SUPPLIED DATA
--- --- ---

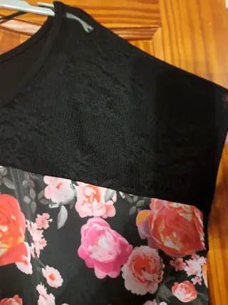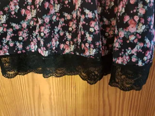 Blusa con un bonito estampado floral sobre fondo negro y detalle de encaje en el bajo. - Diseño con flores rosas y blancas. - Bajo con puntilla de encaje negro.
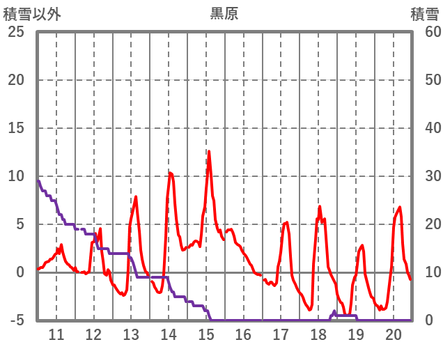| 日 | 時 | 気温 | 降水 | 風向/風速 | 日照 | 積雪 | 降雪 |
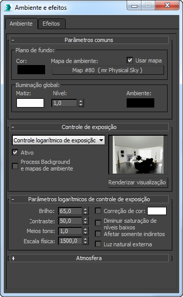 Ambiente de renderização. O 3ds Max abre a caixa de diálogo Ambiente e efeitos.

--- --- ---

ASSIGNMENT
Pictures do not belong in the copy. Repeat exactly each line from the one with "日照 | 積雪 | 降雪 |" through the end of the listing.

ANSWER BOX
| 日 | 時 | 気温 | 降水 | 風向/風速 | 日照 | 積雪 | 降雪 |
 Ambiente de renderização. O 3ds Max abre a caixa de diálogo Ambiente e efeitos.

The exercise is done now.